Allowing the spread of low-quality insurance plans designed to attract younger, healthier Americans would ultimately put meaningful coverage beyond the reach of millions of the most vulnerable patients, the Academy recently reminded HHS.
The AAFP warned of the consequence of allowing insurers to sell policies that do not comply with the Patient Protection and Affordable Care Act across state lines in a May 1 letter(2 page PDF) to HHS Secretary Alex Azar that was signed by Board Chair Michael Munger, M.D., of Overland Park, Kan.
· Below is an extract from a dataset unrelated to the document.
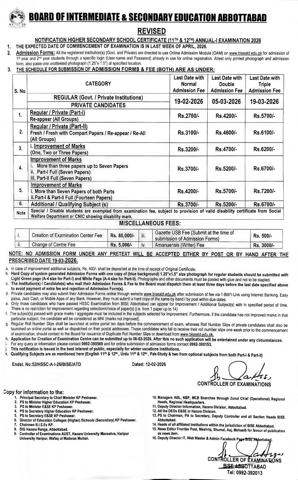 REVISED NOTIFICATION HSSC A-I 2026

The Academy wrote in response to an HHS request for information(www.govinfo.gov) published in the March 11 Federal Register.
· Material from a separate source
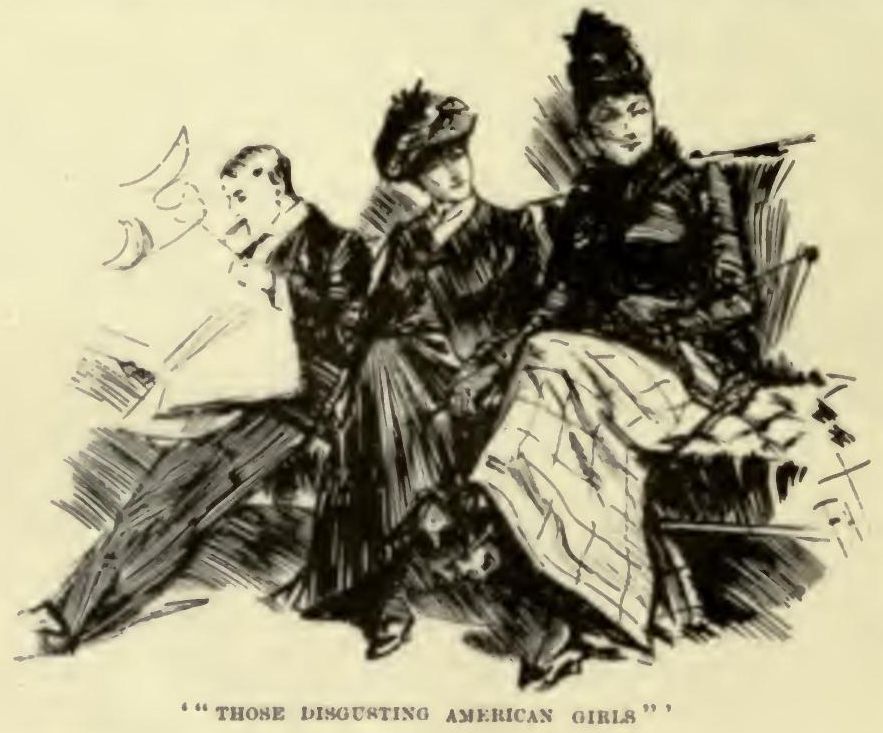 I'm afraid it was rather a late breakfast, and the lobby was full of people strolling in and out when I went through on my way to my room. I stood for a moment at the dining-room door looking at the lobby—I had heard so many Chicago people describe it—and I noticed in the seats that run around it, against the wall, two young women. They were leaning back nonchalantly, watching the comers and the goers. Both of them had their knees crossed, and one had her hands in her jacket pockets. A man in the seat next them, who might or might not have belonged to them, was smoking a large cigar. Two English ladies came out from breakfast behind me, stood waiting for somebody, and said one to the other: 'Look at those disgusting American girls!'

The agency sought comments on how to promote sales of individual health insurance plans across state lines, primarily through the multistate health care choice compacts allowed under the ACA. Six states now allow such compacts, but insurers have yet to participate.
The Academy's response was a full-throated objection.
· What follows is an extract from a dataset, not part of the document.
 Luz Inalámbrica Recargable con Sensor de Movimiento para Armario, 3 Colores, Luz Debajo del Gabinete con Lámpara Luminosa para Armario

"We recognize that noncompliant plans could expand affordable access to a minimal level of health coverage for certain individuals," it said. "However, the AAFP is strongly opposed to these proposals, since these plans do not provide meaningful insurance coverage for all, including, most notably, those with complex medical conditions or the very ill."
Noncompliant plans harm patients by reducing or eliminating coverage of the essential health benefits required by the ACA, the AAFP said. Among the protections that would be at risk are the prevention of insurance discrimination based on health status, age or gender, and coverage for preexisting conditions.
An increase in noncompliant plans would lead to rising premiums for those enrolled in plans that are compliant, the Academy cautioned. "Women, older and sicker Americans would likely face higher costs and fewer affordable insurance options," the AAFP said.
Reducing or abandoning EHBs, the Academy wrote, "could potentially make plans more expensive for people with long-term chronic conditions or with sudden medical emergencies," while allowing others to gamble that low-quality insurance will stand up to crises or unexpected needs.
The AAFP further noted that it isn't alone in its objections.
"Many states have adopted regulations restricting access, duration and renewability to short-term, limited-duration plans," the letter said. Allowing the sale of such policies across state lines would preempt state authority and erode consumer protections while undermining states' ability to regulate their own markets.